Оба смотрели, как исчезают люди. Растворяются, словно ходячие таблетки, во влажном воздухе.
ПРИЗНАНИЯ
Когда евреи скрылись из виду, Руди и Лизель расцепились, и книжная воришка не заговорила. На вопросы Руди не было ответов.
Но и домой Лизель не пошла. Подавленная, она побрела на вокзал, где много часов прождала Папу. Первые двадцать минут около нее стоял Руди, но поскольку до приезда Ганса оставалось еще добрых полдня, он пошел и привел Розу. По пути к станции пересказал ей, что произошло, и потому Роза ничего не стала спрашивать у девочки. Она уже сложила в голове кусочки мозаики и теперь лишь стояла рядом, а позже уговорила девочку сесть. Ждали они вдвоем.
Когда Папа обо всем узнал, он уронил сумку и пнул вокзальный воздух.
В тот вечер никто не стал есть. Папины пальцы оскверняли аккордеон, убивая песню за песней, как бы Папа ни старался. Все уже не помогало.
Три дня книжная воришка пролежала в постели.
Каждое утро и под вечер к ним стучался Руди Штайнер и спрашивал, по-прежнему ли она болеет. Девочка не болела.

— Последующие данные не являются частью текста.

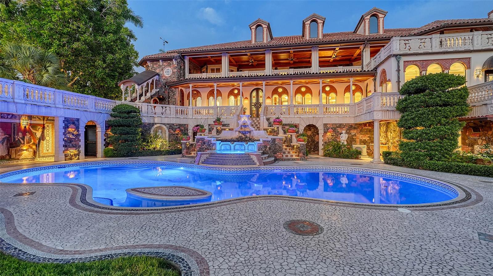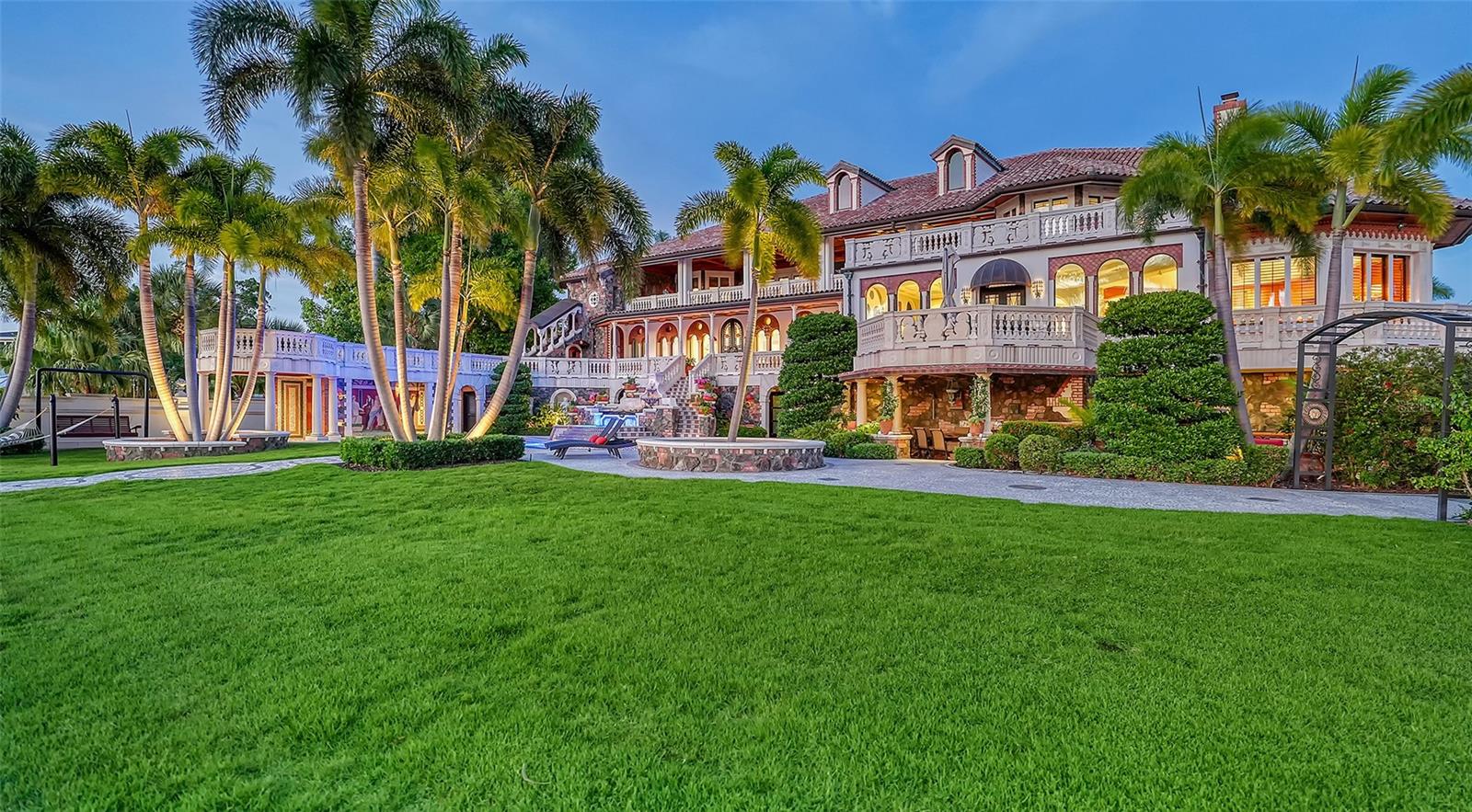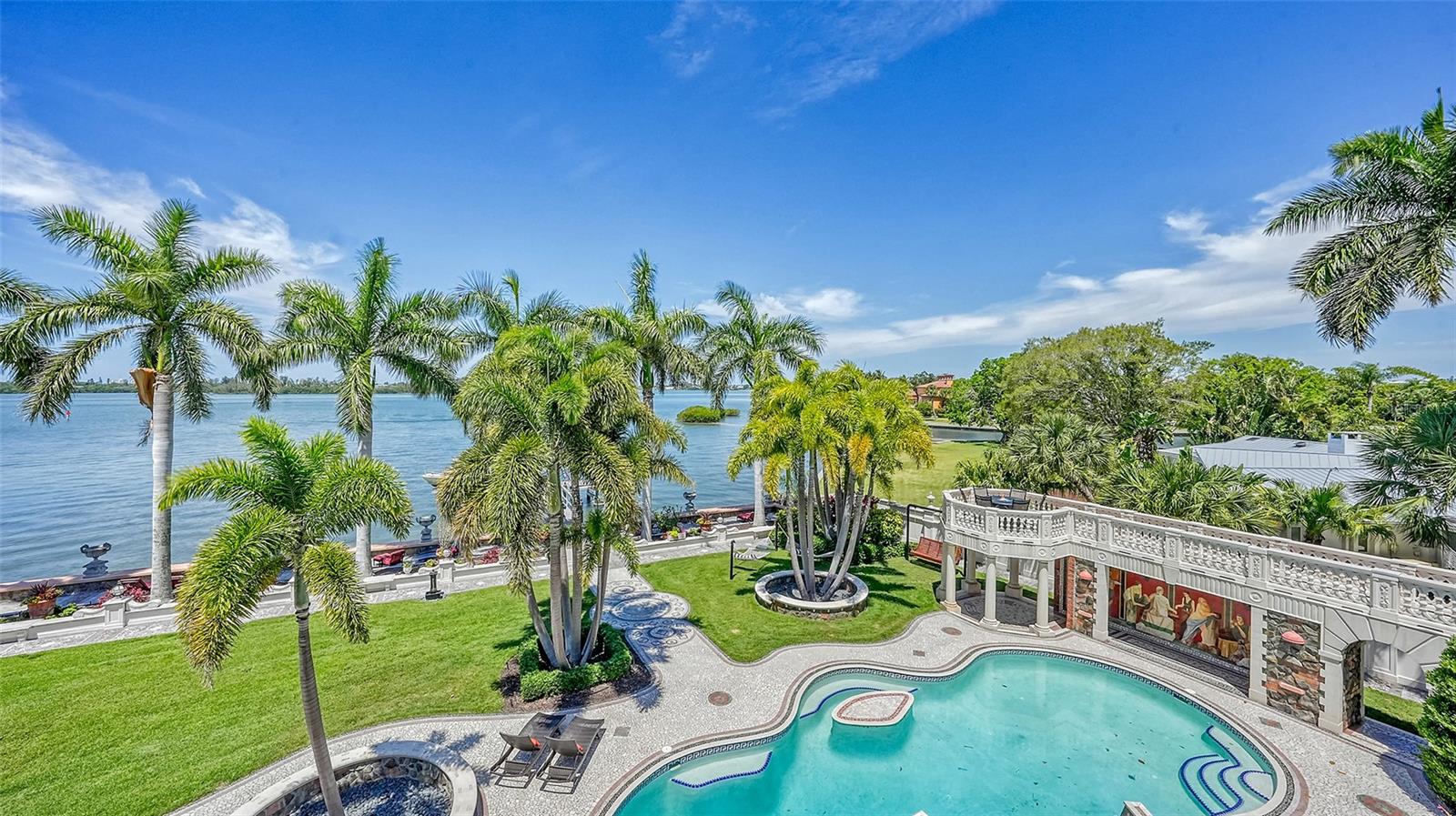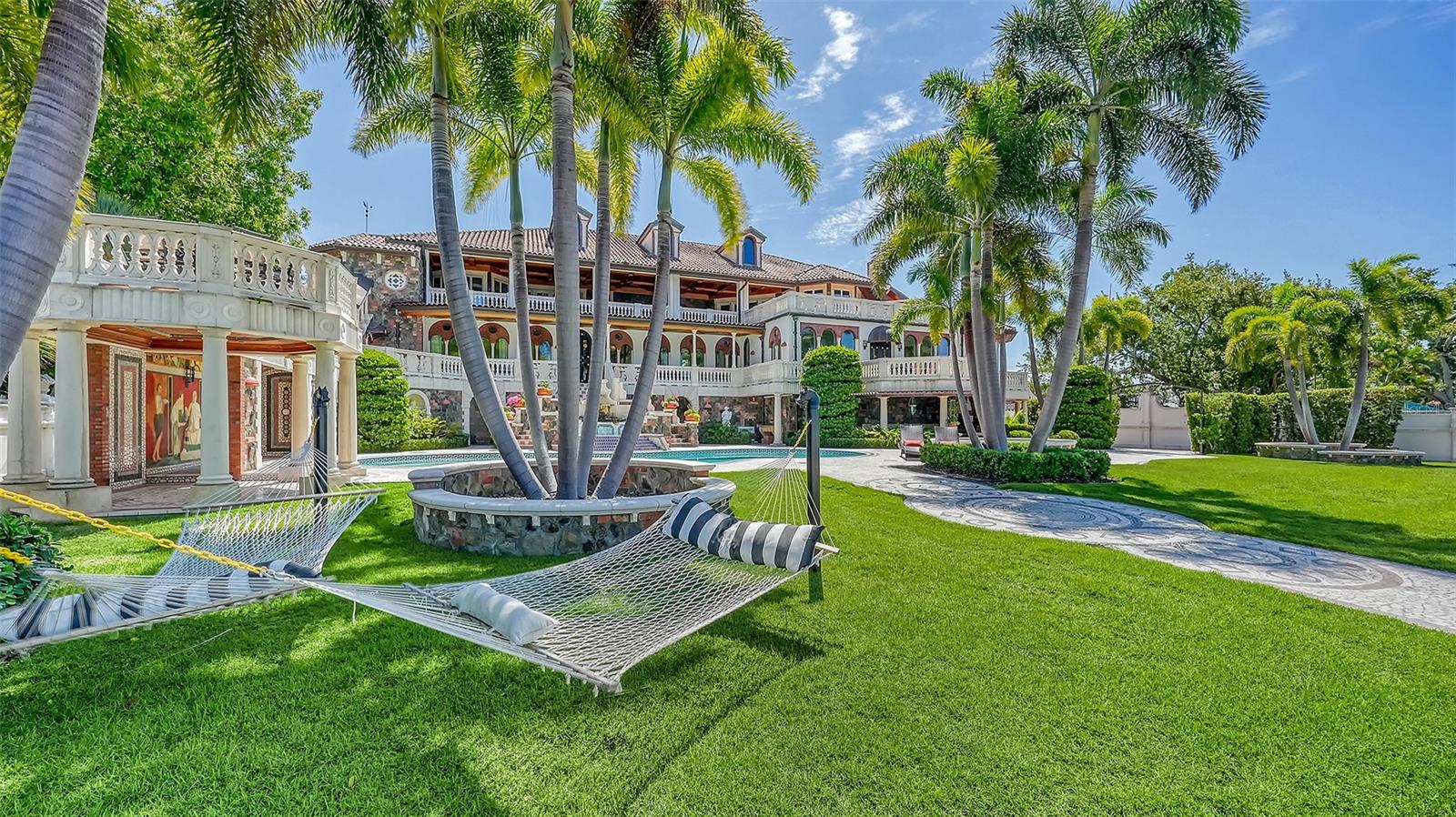 Welcome to 1310 South Lake Shore Drive. Picture yourself in this nearly 10,697 sq. ft. (plus 4,185 sq, ft. of air-conditioned garages and hobby/storage space) Neo-Classical Italian Renaissance Villa sitting on 1.21 Bayfront acres in Oyster Bay Estates. Featuring panoramic water views, this mainland residence, adjacent to The Field Club, is directly on Little Sarasota Bay (146' frontage). Enter this glamorous walled and gated estate and be instantly transported to a grand villa in Tuscany. The owners traveled extensively throughout Europe to capture the architectural details necessary to create a truly extraordinary "Old World" residence. Then calling upon design ques from Villa del Balbianello (Lake Como) and Casa Casuarina (Gianni Versace) the multiyear restoration and expansion of an already special home was completed in 2020 under the supervision of a classically trained Italian architect. Gracious "public" spaces, four bedrooms, four baths (2 half baths), and extensive outdoor spaces were intently curated to surround you with true Italian luxury. From the hand-wrought gate, highly detailed exterior, Venetian plaster walls, custom moldings with 23 carat gold leaf, hand-painted frescos, unique balustrades, pecky Cypress ceilings to the Clive Christian inspired Kitchen, and accompanying caterer's kitchen, every way your eyes travel brings a new surprise. The magnificent bay views are perfect complements to be enjoyed from inside, extensive terraces, beautiful gardens, or the dock with a 20,000-pound boat lift and accompanying jet ski lifts. This outrageous yet practical residence boasts breathtaking, panoramic views throughout the day and evening. The exterior employs roof tiles imported from Italy, 100-year-old reclaimed Chicago bricks, fallen Florida pecky Cypress wood, and 60 tons of Pennsylvania fieldstone. Unique exterior features include enclosed water sports storage areas, a separate enclosed mechanical room with handmade doors and bronze hardware, a propane-powered generator (separately enclosed with handmade doors and sufficient to run the entire home), an exterior shower area adjoined by a hand-painted Italian fresco, an octagonal covered sitting area and an outdoor bath adjacent to the pool area. The unusual 400 square foot outdoor kitchen is of a unique, submerged design with a 60-inch propane gas grill-concealed and operated by an appliance elevator. The decorative privacy wall spans 657 feet along a handmade adjacent lighted Amalfi-style decorative walkway with gold-leaf private entrance gate to The Club. A 146-foot sea wall discloses a hand-cast Corbels on the outside, a long, large seating area, and spans the entire width of the property for peace of mind. The home is overbuilt with concrete pilasters extending to solid granite and extending to the roof joists. Elements of the legendary mosaic pool by the genius Gianni Versace are displayed in the mosaics in the deck and pool area of the estate. Truly one of-a-kind residence offering gracious living now and for generations to come. Very private, but moments away from all the many cultural venues, restaurants, shopping, medical facilities, and attractions that Sarasota offers. Be prepared to be amazed!
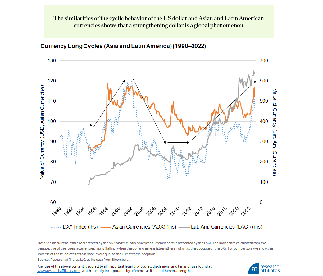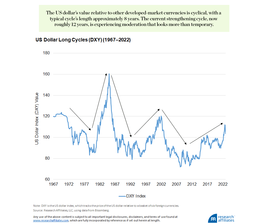 Over the DXY’s history, which begins in 1967, we notice two things. First, the US dollar relative to the other developed-market currencies is cyclical, rising and falling over time. This relationship looks very different from the price behavior of capital assets, such as the S&P 500 Index, which tends to increase over time, continually hitting higher lows and higher highs. This difference highlights the push–pull dynamics of currency indices, which represent a trade-off of like things, one currency for another, as opposed to, for example, one currency for shares of a company.

На четвертый день Лизель сама подошла к соседской двери и спросила, может ли он пойти с ней в тот лес, где они в прошлом году разбрасывали хлеб.
— Давно тебе надо было рассказать, — сказала она.
Как и договорились, они ушли далеко по дороге к Дахау. Остановились среди деревьев. В длинных пятнах света и тени. Повсюду, как печенюшки, разбросаны сосновые шишки.
Спасибо, Руди.
За все. За то, что утащил с дороги, за то, что удержал…
Ничего этого она не сказала.
Ее рука опиралась на шелушащуюся ветку под боком.
— Руди, если я тебе сейчас кое-что скажу, обещаешь никому не слова?
— Ясно. — Руди чуял серьезность у девочки на лице, тяжесть в голосе. Он привалился к соседнему дереву. — Ну, что?
— Обещай.
— Уже обещал же.
— Давай еще раз. Не скажешь ни матери, ни брату, ни Томми Мюллеру. Никому.
— Обещаю.
Наклон.
Взгляд в землю.
Раз за разом она пробовала отыскать нужное начало, читая фразы у себя под ногами, цепляя слова к шишкам и клочкам обломанных веток.
— Помнишь, как я расшиблась на футболе? — сказала она. — На улице?
Понадобилось примерно три четверти часа, чтобы объяснить две войны, аккордеон, еврейского драчуна и подвал. Ну и то, что случилось четыре дня назад на Мюнхен-штрассе.
— Вот зачем ты полезла смотреть, — сказал Руди. — В тот день, с хлебом. Нету ли там его.
— Да.
— Иисусе распятый.
— Да.
Деревья стояли высокие и треугольные. И безмолвные.
Лизель вынула из сумки «Отрясательницу слов» и показала Руди одну страницу. На ней был нарисован мальчик с тремя медалями на горле.
— «Волосы цвета лимонов», — прочел Руди. Потрогал слова пальцами. — Ты говорила ему про меня?
Сначала Лизель не смогла сказать. Может, из-за внезапной болтанки любви к Руди. А может, она всегда его любила? Похоже на то. И без того неспособная заговорить, Лизель хотела, чтобы Руди ее поцеловал. Ей захотелось, чтобы он потянул ее за руку и привлек к себе. Все равно куда. В губы, в шею, в щеку. Вся ее кожа была пуста для него, ждала его.
Много лет назад, когда они бегали наперегонки по грязному стадиону, Руди был набором наспех скрепленных костей с зазубренной скалистой улыбкой. Этим вечером в лесу он был подателем хлеба и плюшевых мишек. Трехкратным чемпионом Гитлерюгенда по легкой атлетике. Ее лучшим другом. И в месяце от гибели.
— Ясное дело, я говорила ему про тебя, — ответила Лизель.
Она с ним прощалась, сама того не зная.